Consider a graph G and an edge-coloring c_R:E(G) \rightarrow [k]. A rainbow path between u,v \in V(G) is a path P from u to v such that for all e,e' \in E(P), where e \neq e' we have c_R(e) \neq c_R(e'). In the Rainbow k-Coloring problem we are given a graph G, and the objective is to decide if there exists c_R: E(G) \rightarrow [k] such that for all u,v \in V(G) there is a rainbow path between u and v in G. Several variants of Rainbow k-Coloring have been studied, two of which are defined as follows.

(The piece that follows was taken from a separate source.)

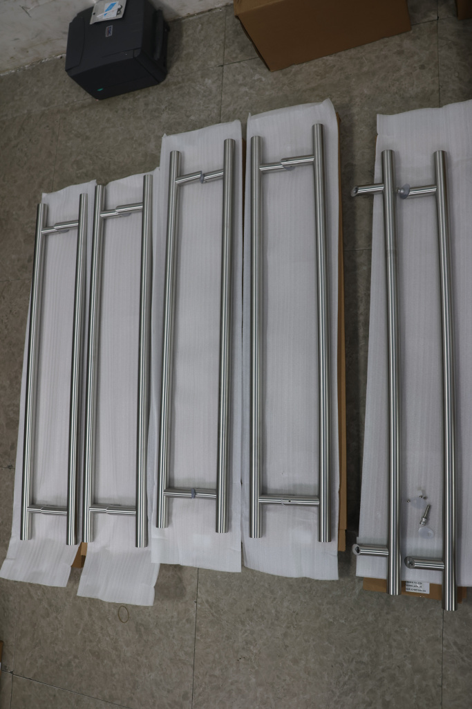 у основания ручки откручиваем с помощью шестигранника винты, делим ручку на две части, в заранее заготовленные отверстия вырезы в стекле 10-12 мм фиксируем первую часть ручки в отверстиях и с обратной стороны ответную часть затягиваем с помощью шестигранника

The Subset Rainbow k-Coloring takes as an input a graph G and a set S \subseteq V(G) \times V(G), and the objective is to decide if there exists c_R: E(G) \rightarrow [k] such that for all (u,v) \in S there is a rainbow path between u and v in G. The problem Steiner Rainbow k-Coloring takes as an input a graph G and a set S \subseteq V(G), and the objective is to decide if there exists c_R: E(G) \rightarrow [k] such that for all u,v \in S there is a rainbow path between u and v in G. In an attempt to resolve open problems posed by Kowalik et al. (ESA 2016), we obtain the following results. - For every k \geq 3, Rainbow k-Coloring does not admit an algorithm running in time 2^{o(|E(G)|)}n^{O(1)}, unless ETH fails. - For every k \geq 3, Steiner Rainbow k-Coloring does not admit an algorithm running in time 2^{o(|S|^2)}n^{O(1)}, unless ETH fails. - Subset Rainbow k-Coloring admits an algorithm running in time 2^{\OO(|S|)}n^{O(1)}. This also implies an algorithm running in time 2^{o(|S|^2)}n^{O(1)} for Steiner Rainbow k-Coloring, which matches the lower bound we obtain.